A third option, and one that Jacksonville is moving toward, is that of using peer communities and national measures as context, not comparison. This means not asking “are we doing better than Nashville?” but instead “what does our trend line look like in the context of the shared movement of peer communities?” The question is not “where do we rank among these cities?” but instead asks what is happening across the country in relationship to the indicator being measured, and how can we understand local efforts and progress better.

This approach allows us to consider the national decrease in teen birth rates or violent crime and see if our local efforts at teen pregnancy prevention are making progress beyond that which would have been otherwise expected if we were just following national patterns. It allows us to see the local murder rate in context – although it is lower than it was a decade ago, something is happening in our community that makes it more violent than it should be if all else were equal. These are much harder questions to ask, and require more work to put together the information to provide useful context. But it may be getting easier, if a few new national project provide the tools for selecting peer comparables like I hope they will.
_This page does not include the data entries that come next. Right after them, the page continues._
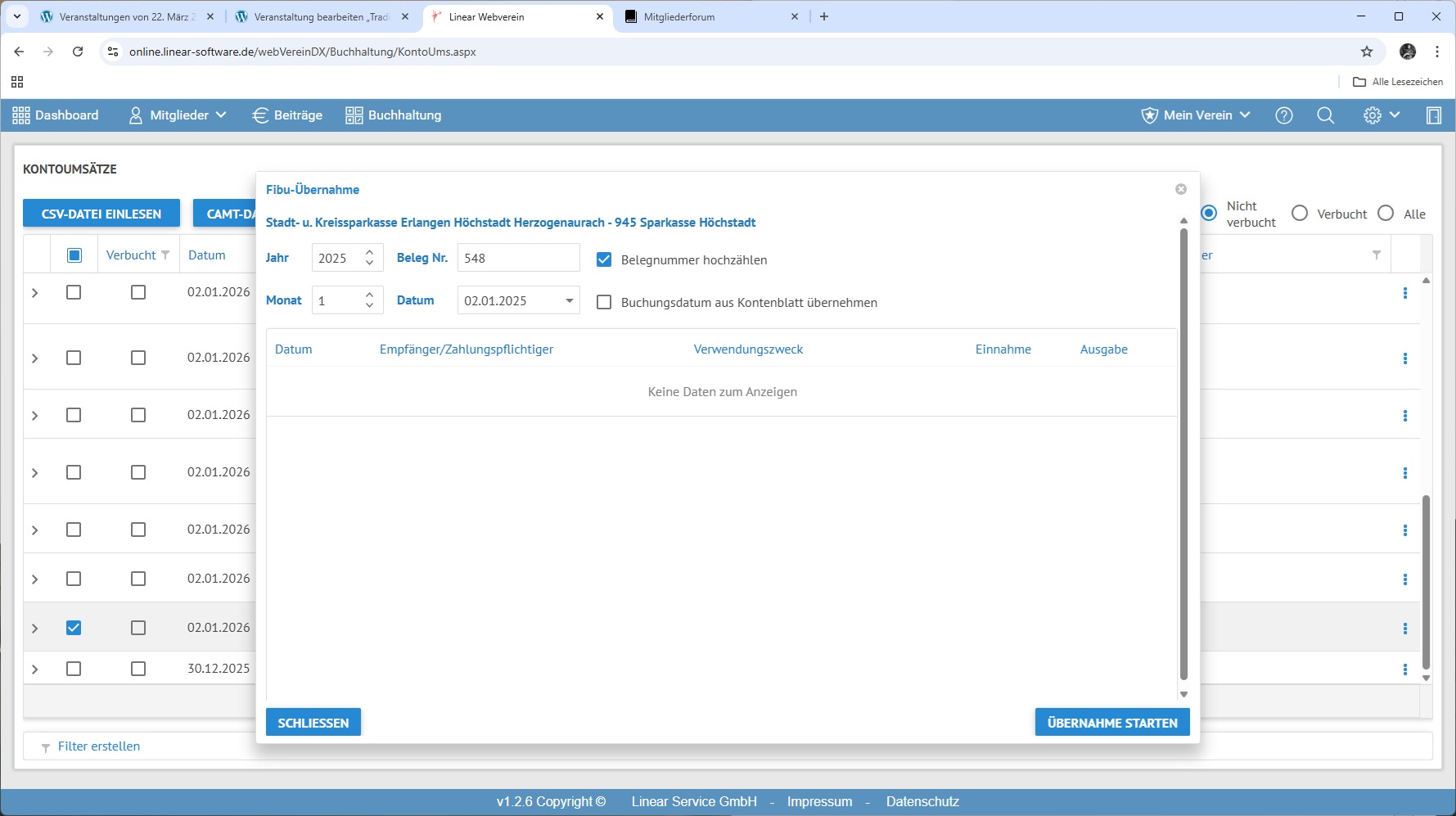 Das Einbuchen der Kontoumsätze für 2025 klappt.
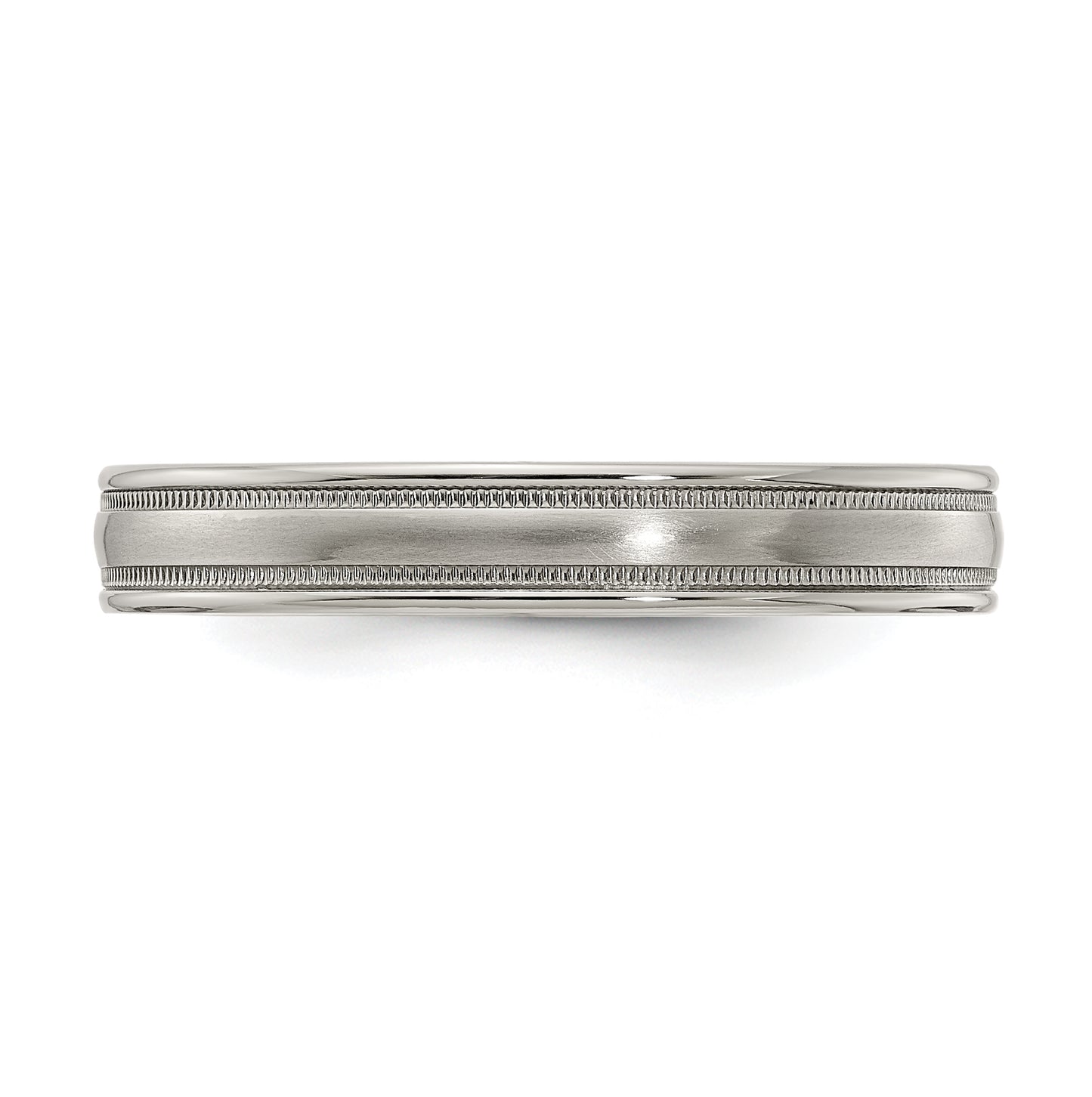 Edward Mirell Titanium Brushed & Polished Tri Dome Milgrain 4mm Band, Size 7.5
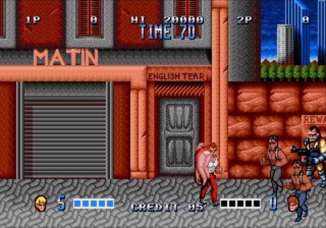 De resto, como já referi acima, uma das novidades que o Double Dragon introduziu foi o multiplayer cooperativo (e esta versão também o permite para 2 jogadores, até porque os protagonistas são dois irmãos). A outra era o facto de não só podermos apanhar algumas armas do chão, como rochas, ou bidões que poderíamos arremessar para os inimigos, mas também poderíamos roubar as armas que os inimigos carregassem com eles (ao enchê-los de porrada, claro!) como bastões de basebol, chicotes ou facas e usá-los no combate também. Mas infelizmente isso também é um problema nesta conversão. É que nós até nos movemos bem rápido, o problema é que os inimigos também e a sua inteligência artificial é extremamente irritante, pois eles replicam os nossos movimentos pelos cenários, pelo que é practicamente impossível arranjar espaço para respirar caso sejamos cercados, a menos que consigamos atacar primeiro e de forma rápida, o que nem sempre acontece. E com isto quero dizer que, quando nos preparamos para apanhar uma arma, rapidamente os inimigos se aproximam de nós e quando a animação de apanharmos a arma termina estamos a meros instantes de levar um porradão.
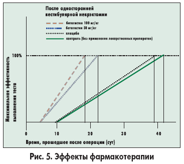 Высокоэффективными в лечении пациентов с головокружением оказались препараты, воздействующие на гистаминергическую систему. Бетагистин (Бетасерк®) – структурный аналог гистамина – не обладает седативным эффектом и выражено улучшает вестибулярную компенсацию, что было показано в исследованиях на кошках (рис. 5).
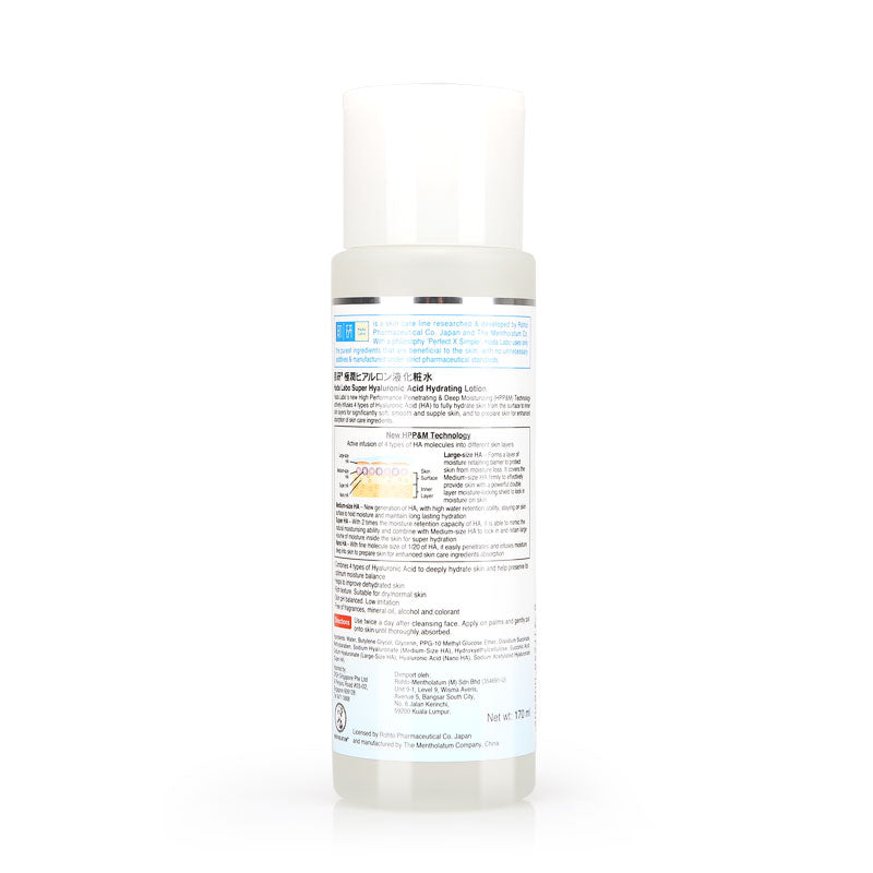 Hada Labo is a skin care line researched & developed by Rohto Pharmaceutical Co. Japan and The Mentholatum Co. With a philosophy 'Perfect X Simple', Hada Labo uses only the purest ingredients that are beneficial to the skin, with no unnecessary addictives & manufactured under strict pharmaceutical standards. Hada Labo Super Hyaluronic Acid Lotion contains the new HPP&M Technology which is an active infusion of 4 types of HA molecules into different skin layers, to deeply hydrate skin and help preserve its optimum moisture balance. It helps to improve dehydrated skin with its rich texture, and is suitable for dry and/or normal skin. Skin PH is balanced without causing irritation. Free of fragrances, mineral oil, alcohol and colorant.
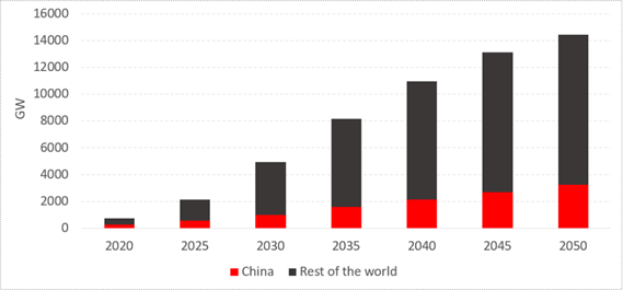 世界能源研究所曾計算2050年前中國和全球的光伏裝機量,光伏行業都將呈現出數倍甚至十余倍于今日的市場規模。其中,IEA數據預計,到2030年全球光伏裝機量需要增至2020年的近7倍,到2050年則將進一步擴大到近20倍。根據GEIDCO數據預測,到2030年,光伏裝機量需要達到2020年水平的4倍,到2050年則需要達到近13倍。
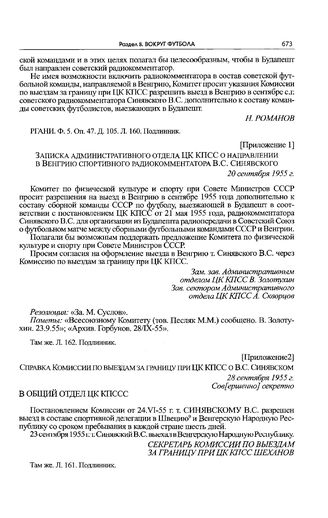 Приложение 1 к записке Спорткомитета СССР в ЦК КПСС. Записка административного отдела ЦК КПСС о направлении в Венгрию спортивного радиокомментатора В.С. Синявского. 20 сентября 1955 г. // РГАНИ. Ф. 5. Оп. 47. Д. 105. Л. 162. Подлинник.
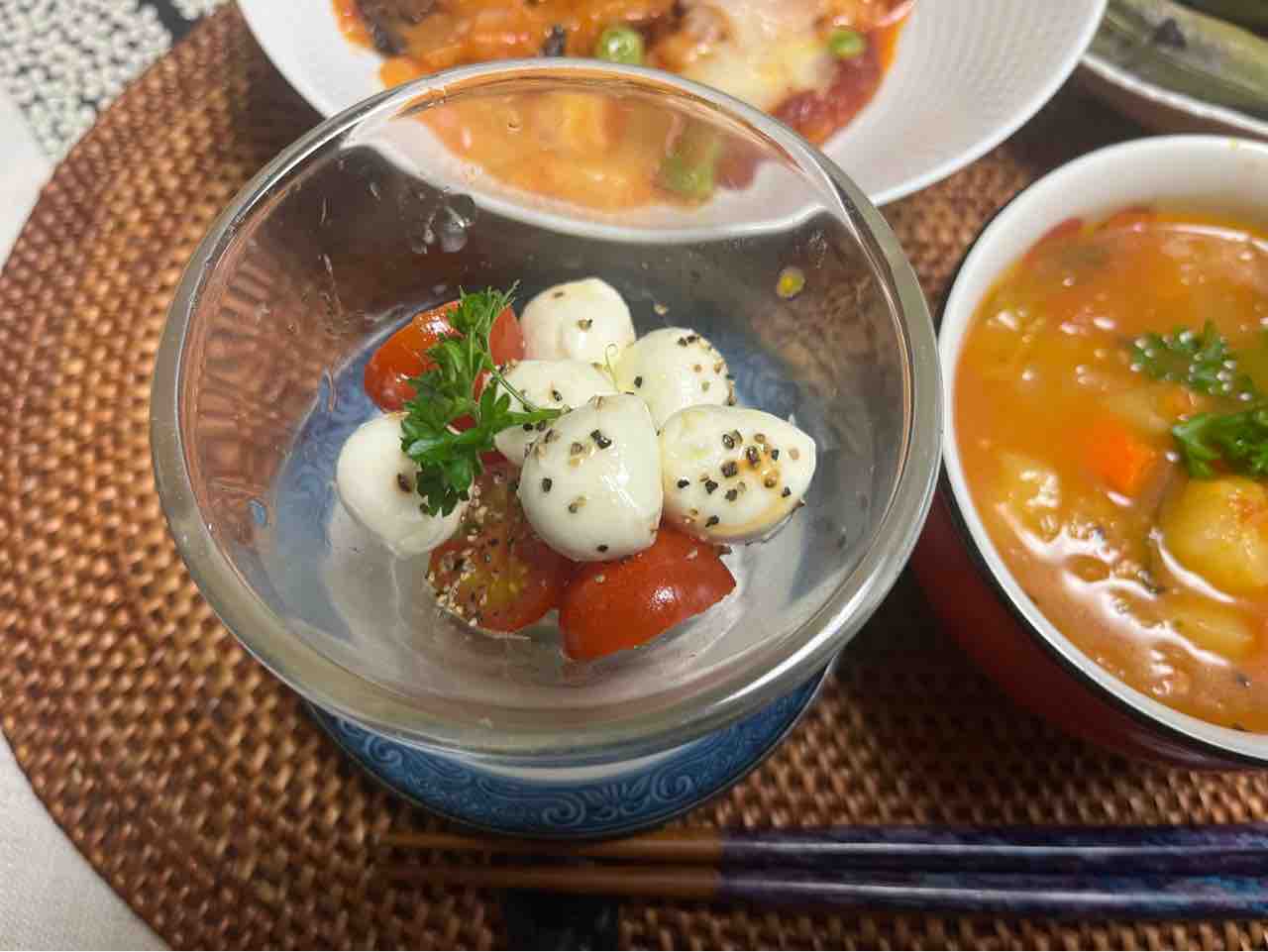 オリーブ油と粗挽き黒胡椒、岩塩をかけて完成

Imagine, if you will, being able to select your own comparable communities from an extensive national dataset, based on the sociodemographic variables you select. That would be useful, yes? Now imagine being able to select comparable communities based on a wider set of indicators than just socioeconomic status or demographics. Imagine putting together different peer sets depending on which variables/indicators are under consideration. Now imagine adding a time dimension to the equation, so that you could look at communities that five years ago were where your community is today on an issue, and then see which communities improved significantly. How much more useful is that to see who's actually solved the problem your community faces today? How exciting would it be to then examine their public policy approaches, their human service programs, or their community initiatives to discover what they did that made a difference, and then to replicate that success in your community?

This is, I think, one of the fascinating new possibilities that scalable, searchable, comparable national indicator data sets will be providing in the next few years. I think it will greatly enhance the capacity of local communities to understand their own indicators in a larger context and to identify successful practices for community change. And it is for community improvement that we measure all this stuff, isn't it? We want things to get better, and we know that they get better faster if we make decisions based on accurate information.

You may think my head's in the clouds. Right now, as I look out the airplane window, you would be right. But that won't keep these tools from being developed, and soon. More to come later ... right now, my tray table needs to be placed in an upright and locked position.

Signing off somewhere above a patchwork America.